Exercise aim:
From the line containing "位于虹桥南向拓展带,与上海廊" through the end of the entries, please repeat every line exactly and nothing more; the pictures do not belong in the copy.

════════════════════

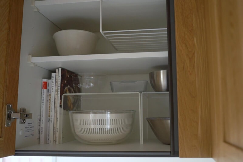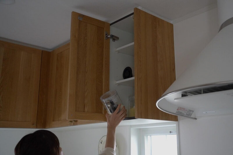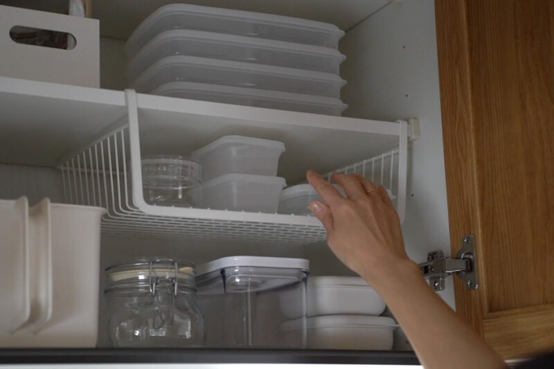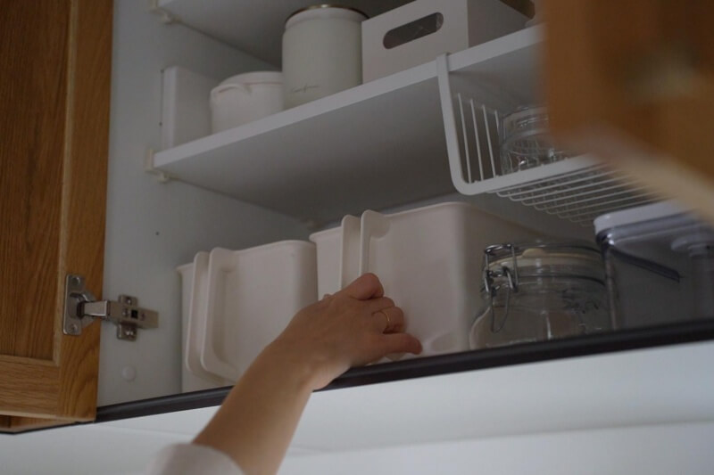 吊戸棚で使うケースは持ち手付きがおすすめです。
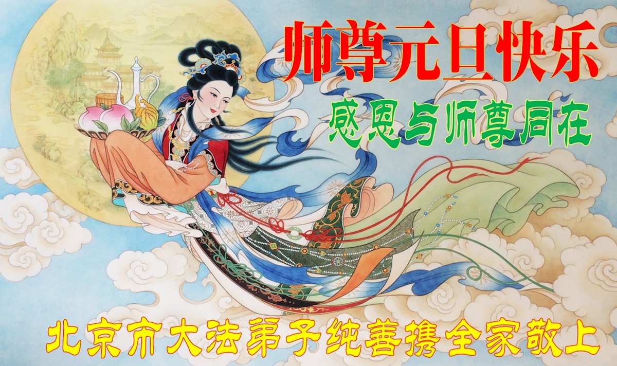 北京市昌平区一家三口大法弟子恭祝慈悲伟大的师尊新年快乐!
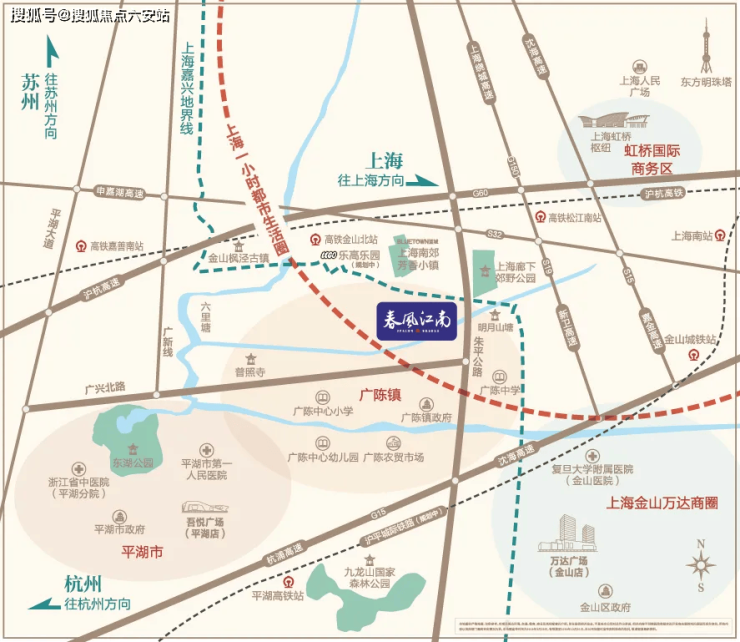 位于虹桥南向拓展带,与上海廊下郊野公园仅一河之隔,距莲廊专线约3公里,咫尺上海,畅享平沪同城生活圈。
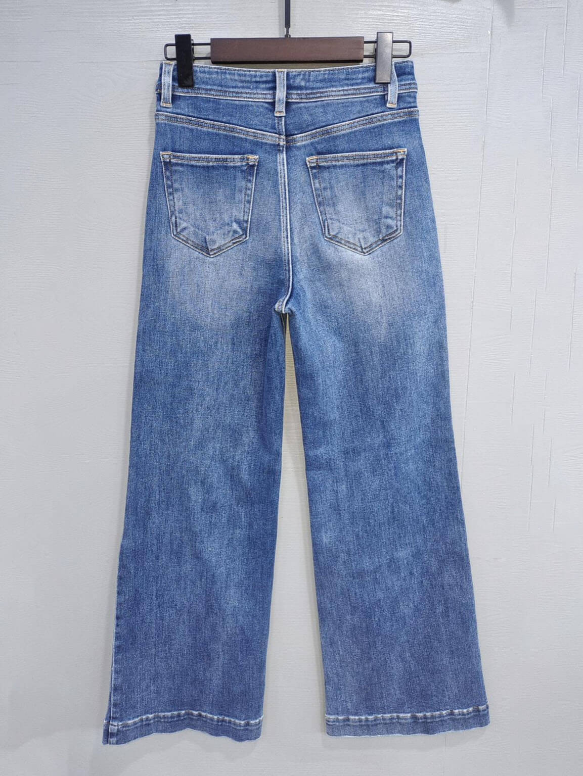 Diese Jeans sind aus klassisch gewaschenem blauem Denimstoff gefertigt, präsentiert eine natürliche Distressed-Textur. Das High-Waist-Design schmeichelt der Taille und optimiert die Körperproportionen, während die weite Beinpassform entspannt und bequem ist. Distressed-Details auf dem Stoff sorgen für einen Hauch von Raffinesse, und das klassische Fünf-Taschen-Design mit Metallknöpfen und Reißverschlüssen vereint Funktionalität und Stil.
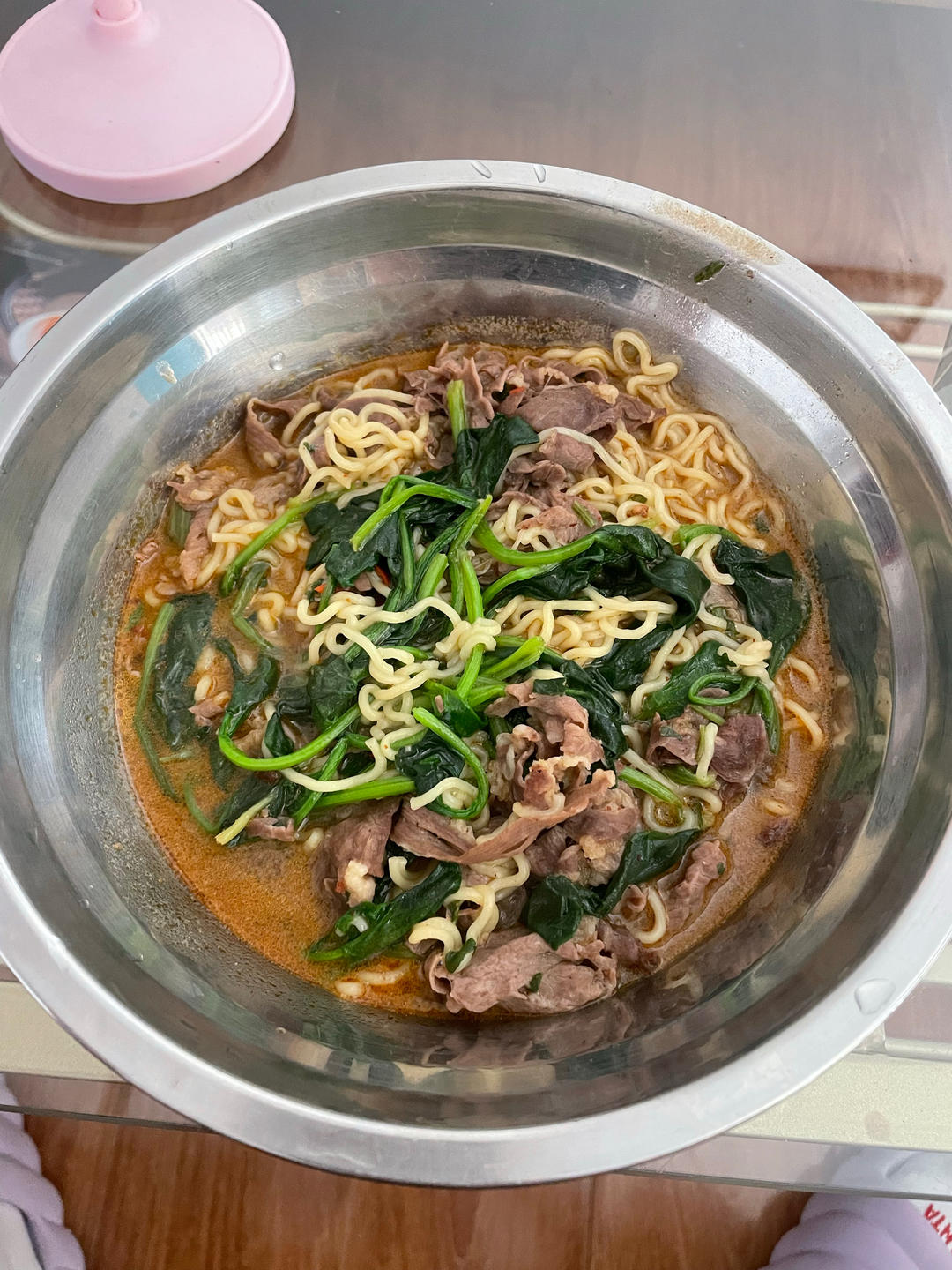 牛肉卷,菠菜方便面

════════════════════

Response box:
 位于虹桥南向拓展带,与上海廊下郊野公园仅一河之隔,距莲廊专线约3公里,咫尺上海,畅享平沪同城生活圈。
 Diese Jeans sind aus klassisch gewaschenem blauem Denimstoff gefertigt, präsentiert eine natürliche Distressed-Textur. Das High-Waist-Design schmeichelt der Taille und optimiert die Körperproportionen, während die weite Beinpassform entspannt und bequem ist. Distressed-Details auf dem Stoff sorgen für einen Hauch von Raffinesse, und das klassische Fünf-Taschen-Design mit Metallknöpfen und Reißverschlüssen vereint Funktionalität und Stil.
 牛肉卷,菠菜方便面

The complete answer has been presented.